At first most of us are shocked or emotionally numb; we run on adrenaline and we’re in survival mode. At the funeral others can think we’re doing well, and we can too. But it’s after, when the real sadness tends to hit, when the future must be faced and by then support has dropped away.

Many of us experience a roller coaster of changing reactions and responses which we don’t recognise as us or don’t associate with grief.

There are the physical reactions, for instance. I couldn’t eat, I couldn’t sleep, I was cold and I shook for months, I had a heavy ‘weight’ in my gut and was taken to hospital three times with suspected heart problems - our bodies are always in tune with our emotions.

And there are the psychological reactions. We can experience anxiety, anger and guilt; we can’t concentrate or remember, or function to do the most basic of tasks. I kept thinking I was seeing Simon and had a psychosis which made me feel separated from the world. We can think we’re going mad.

Grief is a natural response to loss which we need to work through for our future wellbeing.

For me help came from two initiatives I was fortunate to find: Care for the Family’s Widowed Young Support and The Bereavement Journey course run by a church in London. In each of these I discovered others who had been bereaved, who understood what I was going through and who helped me to navigate the alien territory I found myself in. They also helped me to understand my spiritual responses which had been the biggest surprise. I had never doubted my Christian faith but with bereavement, that too was challenged, and God, who had always felt present, suddenly disappeared. I realize now that this is natural.

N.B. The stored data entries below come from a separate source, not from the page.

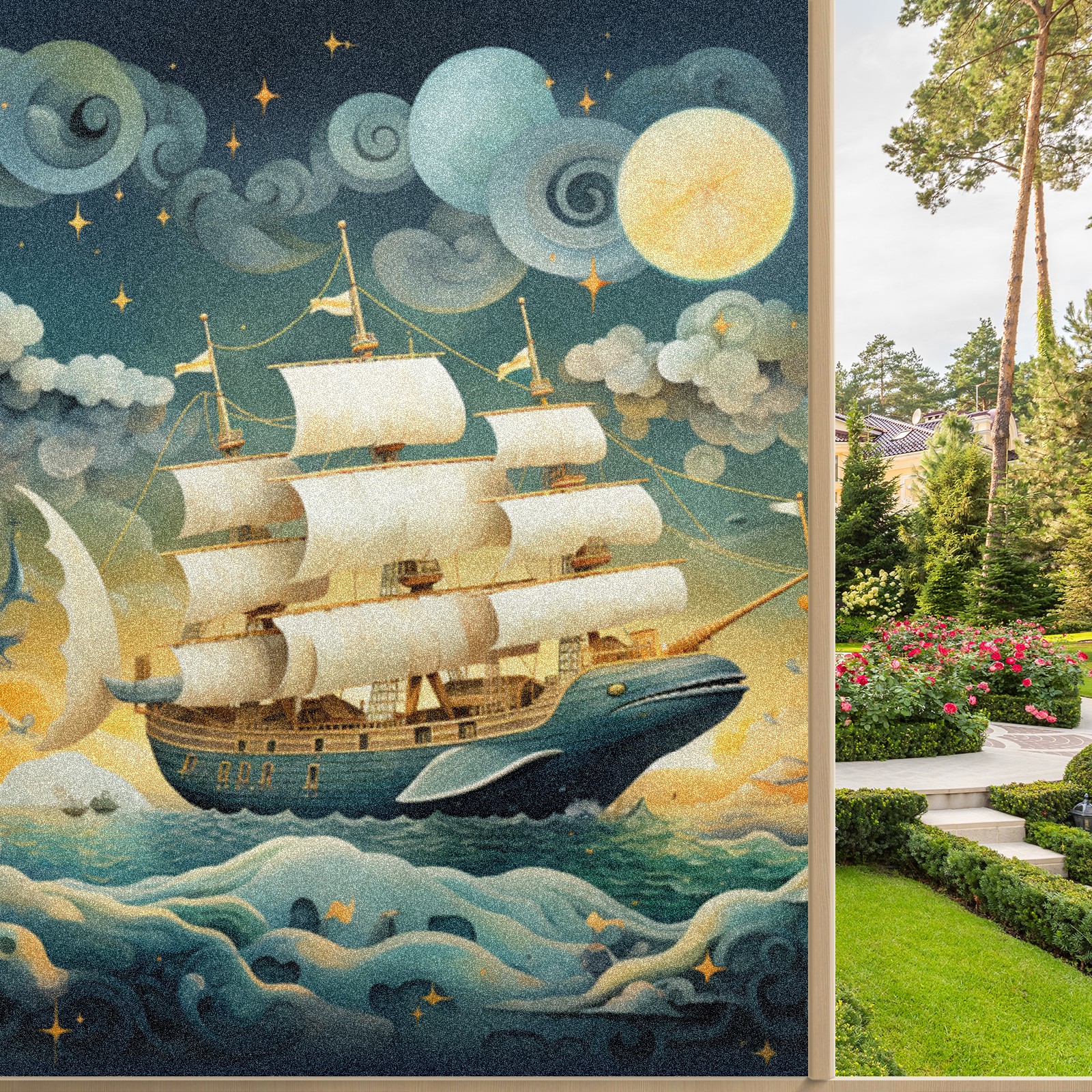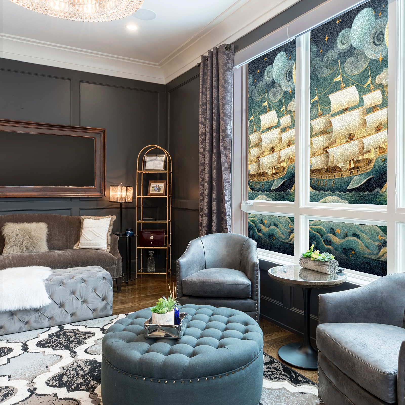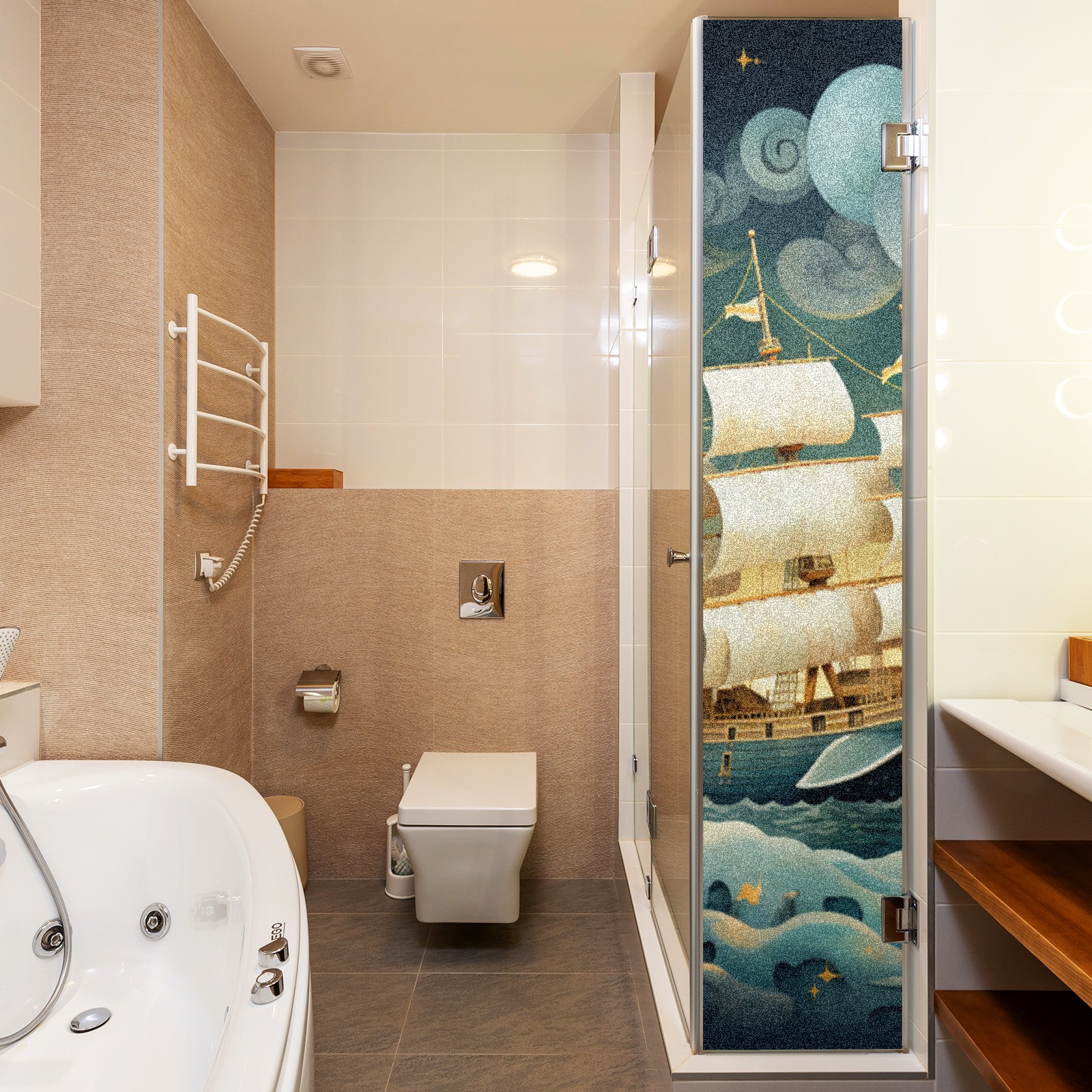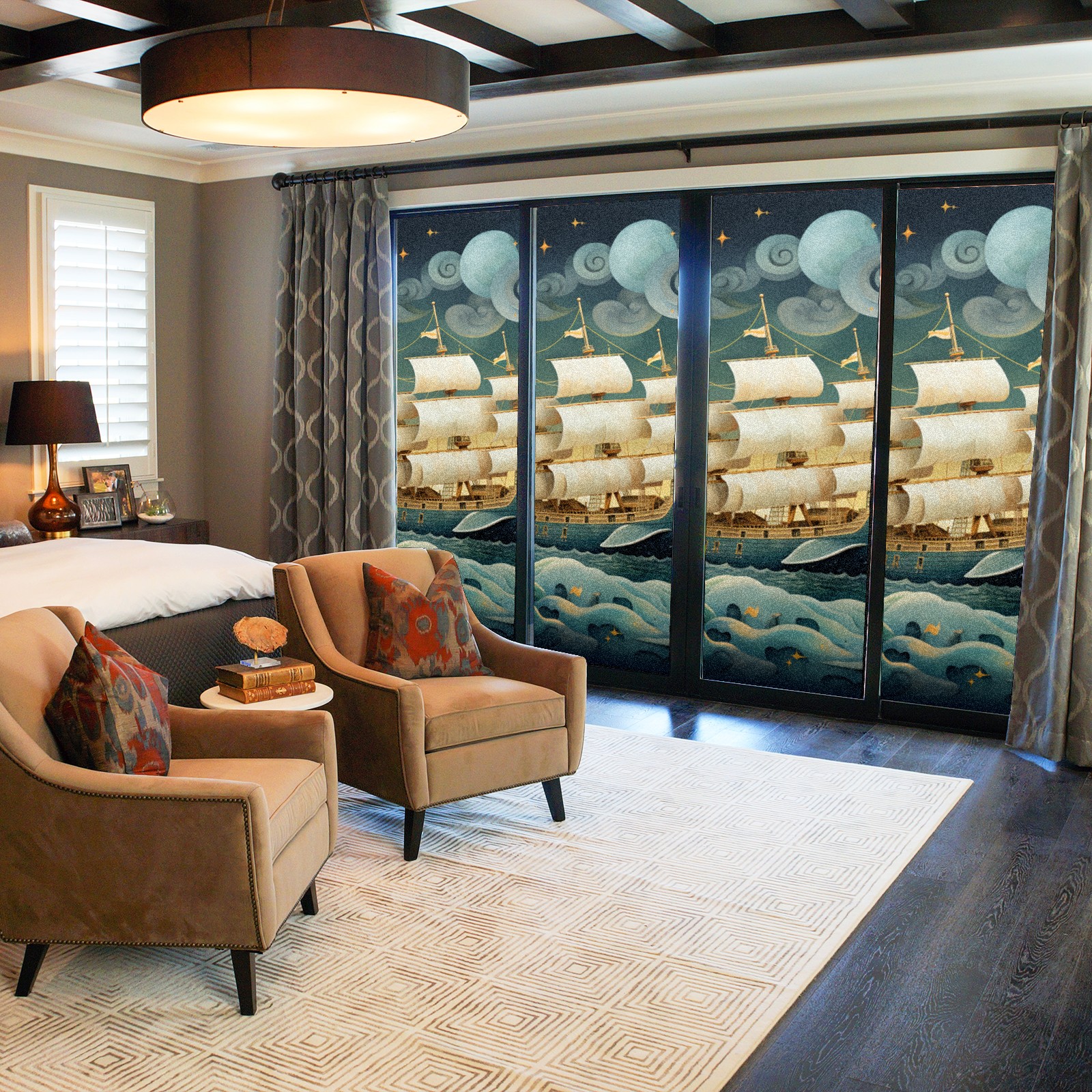 Static Cling Decorative Window Film Frosted Privacy Film Window Clings for Glass Windows No Glue Window Sticker for Bathroom Bedroom Office Moon Ship2
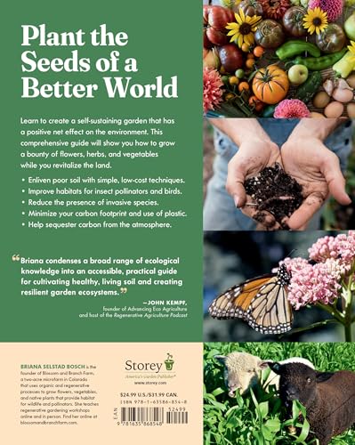 In this comprehensive handbook, Briana Bosch of Blossom and Branch Farm teaches you how to grow flowers, herbs, and vegetables in a way that improves the soil, supports pollinators and birds, and minimizes the use of store-bought products. Eco-conscious gardeners have always done their best to minimize the harm they cause—by not using synthetic pesticides or fertilizers, for example. But today's gardeners want to go beyond "do no harm" and have a positive effect on the environment. The goal of regenerative gardening is to leave the world a better place: to create living soil, improve habitats for insect pollinators and birds, reduce the presence of invasive species, minimize the gardener's carbon footprint and use of plastic, and help sequester carbon from the atmosphere. Author Briana Bosch, founder of Blossom and Branch Farm, teaches the key principles for regenerative gardening: recognize the garden as its own ecosystem, know your soil, minimize the "purchased garden," build your soil armor, plant for biodiversity, create living soil, choose plants wisely, minimize soil disturbance, and close the garden loop. In addition to teaching all the skills necessary to carry out these principles, Bosch offers a season-by-season guide to implementing them—from when to start garden cleanup in the spring (later that you'd think, to avoid disrupting overwintering beneficial insects) to how to use cover crops strategically to enrich the soil and retain moisture throughout the year.
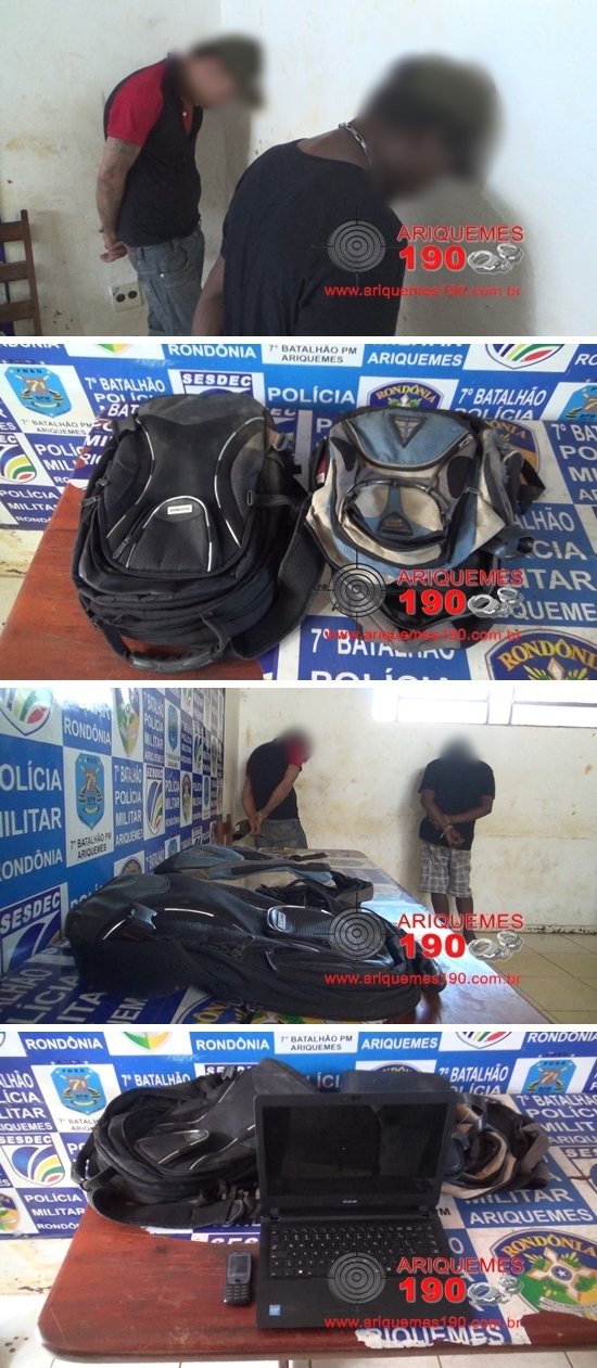 Por volta das 07h30min deste sábado (16/07), a guarnição da Polícia Militar foi acionada a comparecer em um estabelecimento comercial localizado na Travessa São Luis do Setor 03 em Ariquemes, onde segundo informações havia acontecido um furto. De imediato os Policiais se deslocaram até ao local onde foram informados pela vítima que durante a madrugada elementos adentraram seu estabelecimento comercial e furtaram a quantia de R$ 600,00 em dinheiro, um notebook, um celular e outros objetos. Diante dos acontecimentos, os Militares realizaram as buscas pelas proximidades, momento em que receberam a informação que na rodoviária havia dois elementos que estariam vendendo um celular e um notebook por um pequeno preço. Na posse destas informações, os Militares se deslocaram até ao local onde constataram a veracidade das informações se deparando com os indivíduos. Após verificar sobre a procedência dos objetos, os PMS confirmaram que o notebook e o celular eram da vítima. Diante dos fatos, os suspeitos foram conduzidos para a Delegacia de Polícia Civil de Ariquemes onde foi registrado o Boletim de Ocorrência Policial (BOP) para as providências cabíveis.
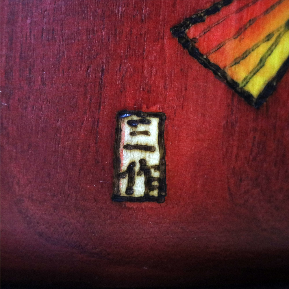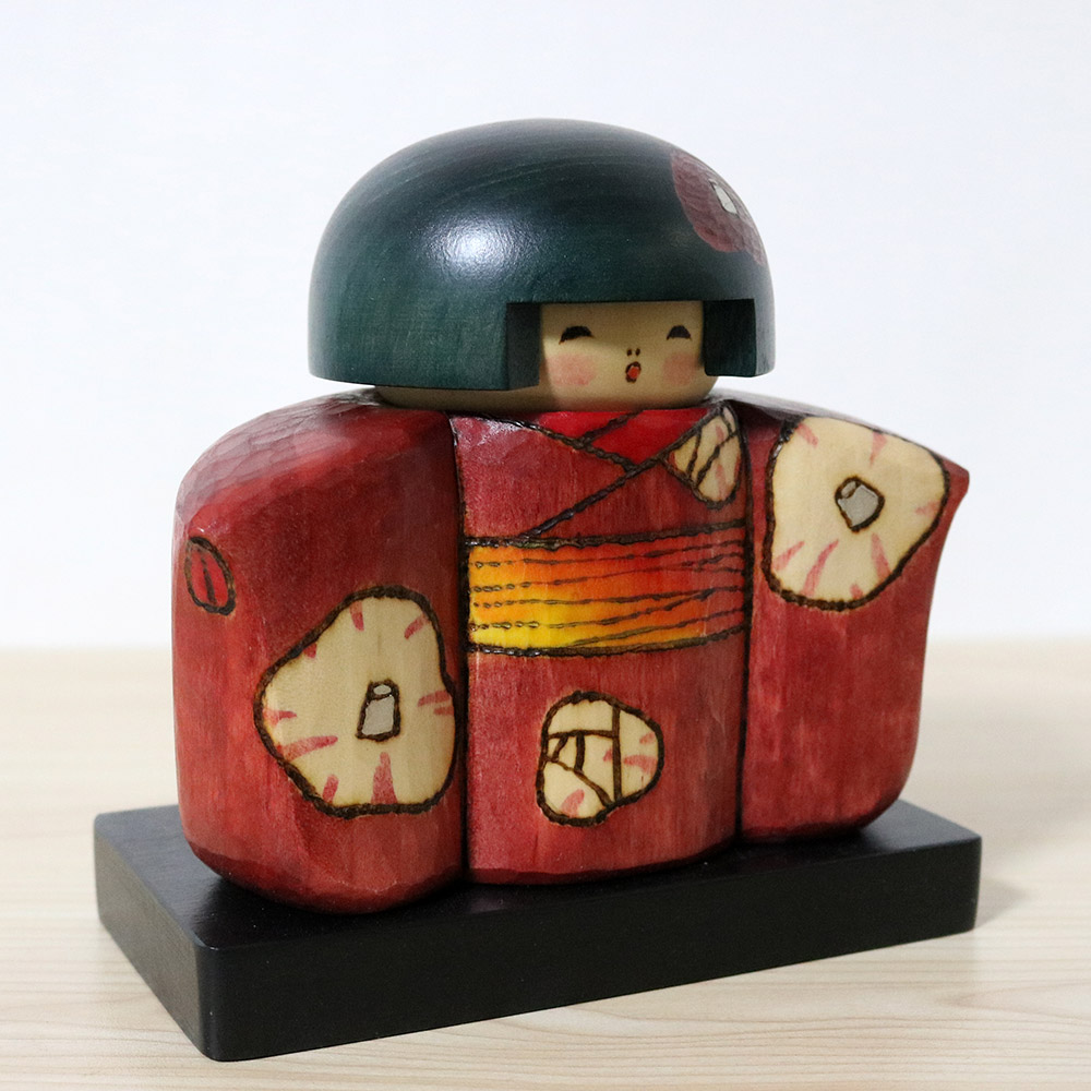 This pretty kokeshi doll was made and signed by master Sekiguchi Sansaku (1925-2018). Her title is 山茶花 (Sazanka) which means Sasanqua – a broadleaf evergreen shrub or small tree native to southern Japan. It’s known for its glossy, dark green foliage and beautiful, fragrant flowers that bloom from late fall to mid-winter. She’s wearing a long-sleeve kimono with Sasanqua flowers carved into it and a cute red & yellow obi in the middle. Her hair is also decorated with the same flower.
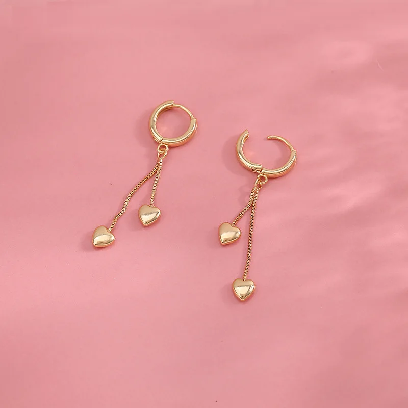Серьги-подвески серебряного цвета с двойной кисточкой в форме сердца для женщин

Grieving is a process of deconstruction and reconstruction of meaning, and therefore some of whatever meaning we had before the person died, will deconstruct as we grieve.

Roll on a few years and I’m on the other side, running a charity helping people to understand that in our death-denying society bereavement impacts greatly, and that grief is a natural response to loss which we need to work through for our future wellbeing. Support is needed in various ways which we direct to through our signposting website ataloss.org. And I’m helping people myself through The Bereavement Journey course to find healing and hope, offering also spiritual support for the faith questioning I find most people have. Unfortunately, though, because we’ve neglected death, many haven’t been supported through a bereavement in the past and are carrying loss which is unresolved.